Après les premiers mois de vente de sa Renault Zoe, eu égard à leur faiblesse, Carlos Ghosn avait accusé le manque d'infrastructures de recharge destiné aux véhicules dits propres. L'association Transport & Environment (T&E) a quant à elle une autre lecture des causes du problème : "En 2016, il y avait seulement 20 modèles électriques sur le marché, à opposer aux 417 modèles thermiques traditionnels" note t-elle dans un rapport.
Une réalité indéniable. Mais plus intéressant est le deuxième item sur lequel T&E s'est attardé : les investissements publicitaires liés aux électriques ou aux hybrides rechargeables.

Avant toute chose, l'association basée à Bruxelles a exclu Toyota de son palmarès. La marque dépense effectivement la majeure partie de son budget marketing en faveur des hybrides (67%), mais des hybrides simples, pas rechargeables.
Sur le front des dépenses publicitaires, ainsi, Mitsubishi emporte la palme de la marque qui se préoccupe le plus de ses véhicules alternatifs. T&E indique que le Japonais aurait consacré 22% de son budget  "pour promouvoir son Outlander PHEV". La place de dauphin est octroyée à BMW (10% du budget marketing destiné aux hybrides rechargeables, 2% aux électriques) tandis que Renault arrive en 3e position avec 6% de son enveloppe marketing octroyée à la promotion de la Zoe.
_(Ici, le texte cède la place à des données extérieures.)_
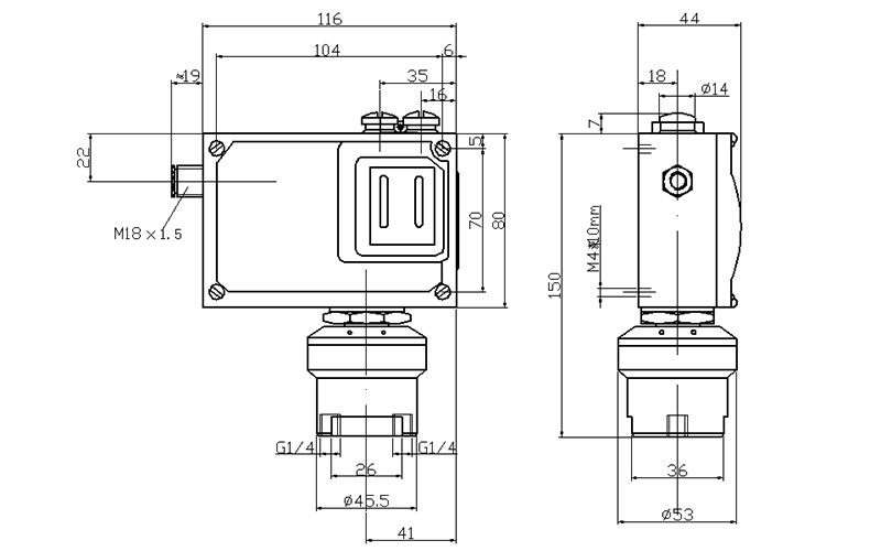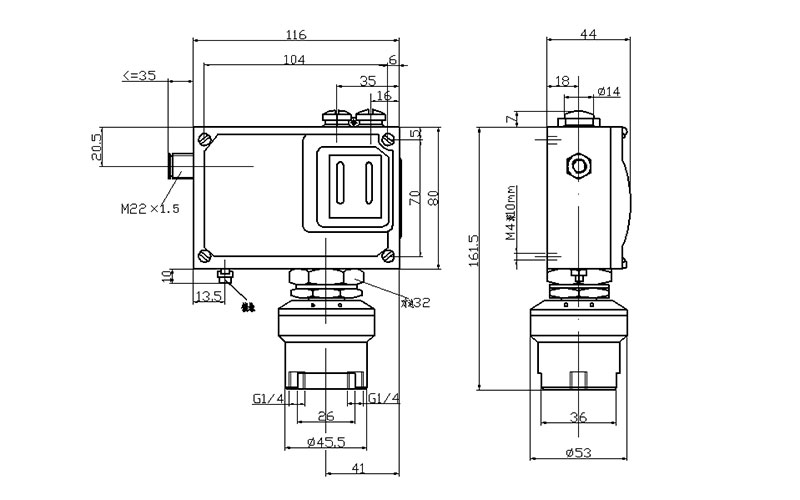 520/7DD防爆差壓開關(guān)外形尺寸及安裝尺寸(單位:mm)
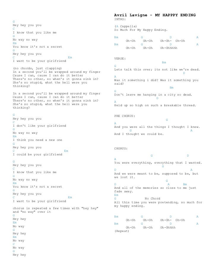 Chord Girlfriend Avril Lavigne Tab Song Lyric Sheet Guitar Ukulele Chords Vip
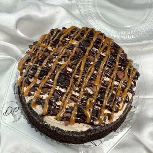 One layer of 6 inches sized cake frosted with whipped cream and with crunchy toppings and a sauce drizzled on top for a delicious dessert experience
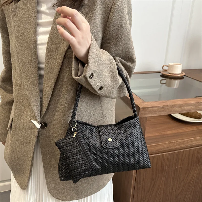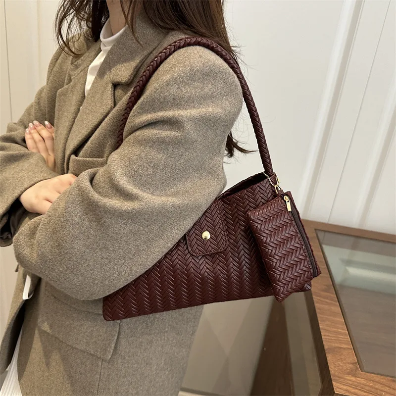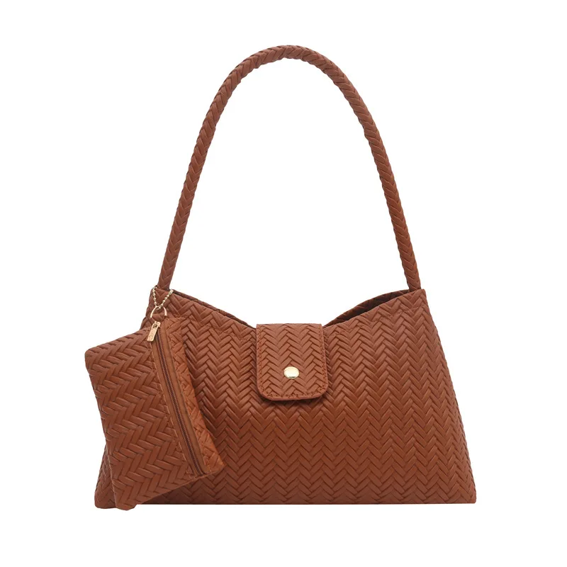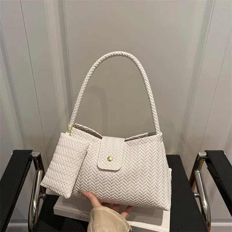 Ladies New Handbags 2 Pieces Set Woven Pattern PU Leather Underarm Shoulder Bags for Women

D'autres, qui ont possédé ou possèdent encore des électriques à leur catalogue, sont affublés d'un zéro pointé par T&E : GM (Opel), Ford ou encore PSA.

L'association s'est en outre penchée sur le cas de la Norvège, un pays qui a réalisé beaucoup d'efforts pour y introduire en masse des véhicules électriques. Elle a remarqué que là-bas, BMW avait dépensé 24% de son budget marketing en faveur de son i3, tandis que Renault "a dépensé approximativement six fois plus dans la promotion de ses électriques en Norvège (39%) que dans les autres pays". Conclusion de T&E, "cela indique que les constructeurs ont tendance à suivre la tendance plutôt qu'à créer le marché."

La France demeure à ce jour le premier marché de l'électrique en Europe devant la Norvège. Près de 17 000 électriques ont été immatriculées dans l'Hexagone au cours des 8 mois écoulés, pour une part de marché de 1,2% (1,1% en 2016).